Vielen Menschen fällt es schwer, sich über einen längeren Zeitraum auf die Veränderungen einzulassen und sie sogar dauerhaft zu übernehmen. Das liegt daran, dass sie sich von Rückfällen in alte Routinen von ihrem Ziel abbringen lassen und sich nicht die Zeit nehmen, die Veränderungen zur Gewohnheit zu machen. Wenn Du Deinen Lebensstil dauerhaft umkrempeln willst, helfen Dir diese Methoden bei der Umsetzung:


•    Stelle Dir täglich die Frage: Will ich glücklich sein und nehme die Herausforderung an? Oder will ich lieber unglücklich bleiben, weil ich zu bequem für eine Veränderung bin? Diese Fragen kannst Du Dir jeden Tag stellen, wie ein Mantra. Denn es werden Tage kommen, an denen Du einfach nicht die Kraft oder den Willen hast, die Veränderung durchzusetzen. Doch gerade dann solltest Du Dir wieder vor Augen halten, warum Du Dich für eine Veränderung entschieden hast und welche Vorteile sie Dir langfristig bringen wird.

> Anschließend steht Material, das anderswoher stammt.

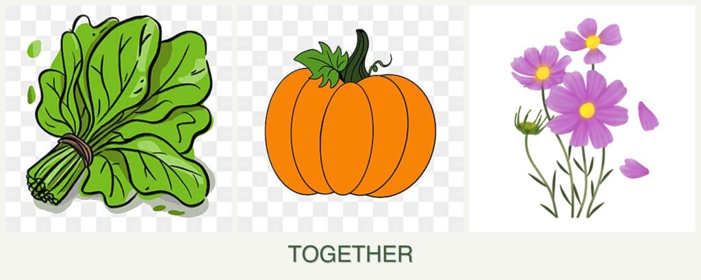 Can you plant spinach, pumpkin and cosmos together?

•    Mit kleinen Schritten zum Ziel: Wenn Du Dir von Anfang an ein zu hohes Ziel steckst, wirst Du auf halber Strecke einknicken und allmählich zurück an den Start schleichen. Deshalb versuche, Deine Vorsätze in kleinen, realistischen Schritten anzugehen, denn auch ein kleiner Stein kann einen Fels ins Rollen bringen:

> Du hättest gerne mehr Zeit für Dich? Dann fange mit täglich 10 Minuten an, in denen Du Dich zurückziehst und meditierst oder Atemübungen machst.

> Du willst Dich mehr bewegen? Dann plane kleine Spaziergänge in den Alltag ein. Schon 10 Minuten täglich sind besser als gar nichts.

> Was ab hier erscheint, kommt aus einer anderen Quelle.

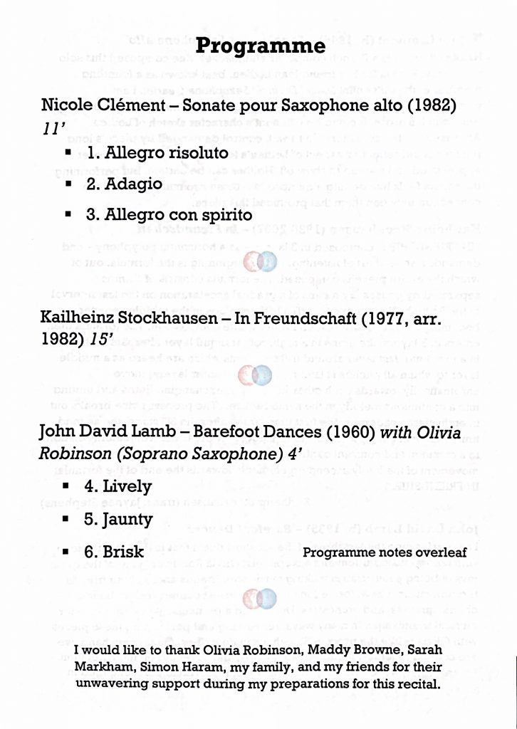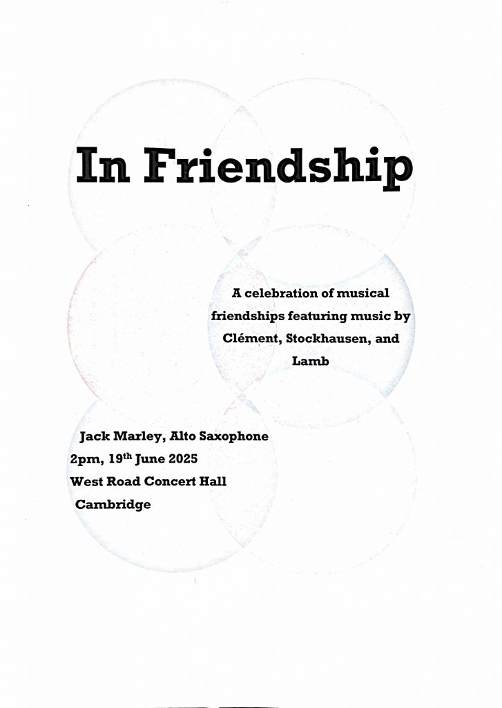 Jack began his studies with me at the Royal College of Music Junior Department and continued to work with me throughout his time at Cambridge University. At the RCMJD he was a key member of the saxophone ensemble and saxophone quartet, in addition to developing his saxophone skills and working as a composer. After graduating from the RCMJD and moving to Cambridge, Jack’s lesson with me were often remote with online lessons and lots of video and audio recording sharing. Alongside working on core repertoire, Jack has always been interested in contemporary repertoire, writing his own music for saxophone and other instruments, and bringing in influences from other areas of the creative arts, particularly theatre. Jack won a scholarship to receive lessons at the Royal Academy of Music in his final year at Cambridge, continuing to have some lessons with me in a consultancy capacity. For Jack’s final recital he chose a theme of Friendship, with Stockhausen’s epic In Freundshaft at the centre of this well crafted recital.

> Du willst endlich ein persönliches Thema angehen und bearbeiten? Besorge Dir einen Ratgeber, der Dir bei den ersten Schritten hilft oder besuche einen Kurs.

•    Ziele setzen und vor Augen behalten: Auch wenn der Weg zum Ziel durch kleine Schritte zurückgelegt wird, solltest Du das Ziel immer vor Augen haben. Was möchtest Du erreichen und warum wird es Dir dadurch besser gehen? Dieses Ziel kannst Du Dir visuell vorstellen. Vielen hilft es jedoch, etwas Handfestes zu haben: einen Vertrag mit Dir selbst, ein Bild, ein Plan, den Du zum erreichen Deiner Ziele einhalten willst …

•    Positiv denken: Mantras wie „Ich schaffe das“, „Es wird mir danach besser gehen“ oder „Ich will etwas verändern“ helfen Dir über die Phasen hinweg, in denen Du am liebsten wieder in alte Gewohnheiten zurückverfallen würdest. Blicke positiv in die Zukunft und lass Dich nicht von negativen Gedanken vom Weg abbringen. Und wenn Du doch einmal rückfällig wirst: Verzeihe Dir den Ausrutscher und ärgere Dich nicht drüber.

•    Rückfall als Motivation sehen: Du hast bereits eine Weile nach Deinen Vorsätzen gelebt, doch plötzlich kommt eine Phase, in der Du einfach keine Energie dafür aufbringen kannst? Dann nutze diesen Rückfall und hinterfrage ganz genau, warum Dir die Veränderung gerade so schwerfällt und warum Du Dich wieder dem alten Verhaltensmuster unterwirfst. Oft ergeben sich daraus wichtige Erkenntnisse, die Dich beim Erreichen Deiner Ziele weiterbringen. Vielleicht bist Du bisher den falschen Weg gegangen? Dann hilft vielleicht eine neue Strategie, um die Veränderung umzusetzen.

•    Zu schnelle Veränderungen können sich auch negativ auswirken: Wer einen radikalen Rundumschlag macht und ein rasantes Tempo vorgibt, überholt sich manchmal selbst. Auch das Umfeld kann mit zu schnellen Veränderungen oft nicht mithalten, wodurch sich wieder neue Probleme und Hindernisse auftun können. Besser ist es also, einen Gang zurückzuschalten, als von Null auf Hundert durchpreschen zu wollen.
Nimm Dir also ausreichend Zeit für Veränderungen und verliere nicht gleich die Geduld, wenn Dein Plan nicht sofort funktioniert. Schritt für Schritt kannst Du Deine Ziele erreichen und sogar ein Schritt zurück muss Dich noch längst nicht vom richtigen Weg abbringen!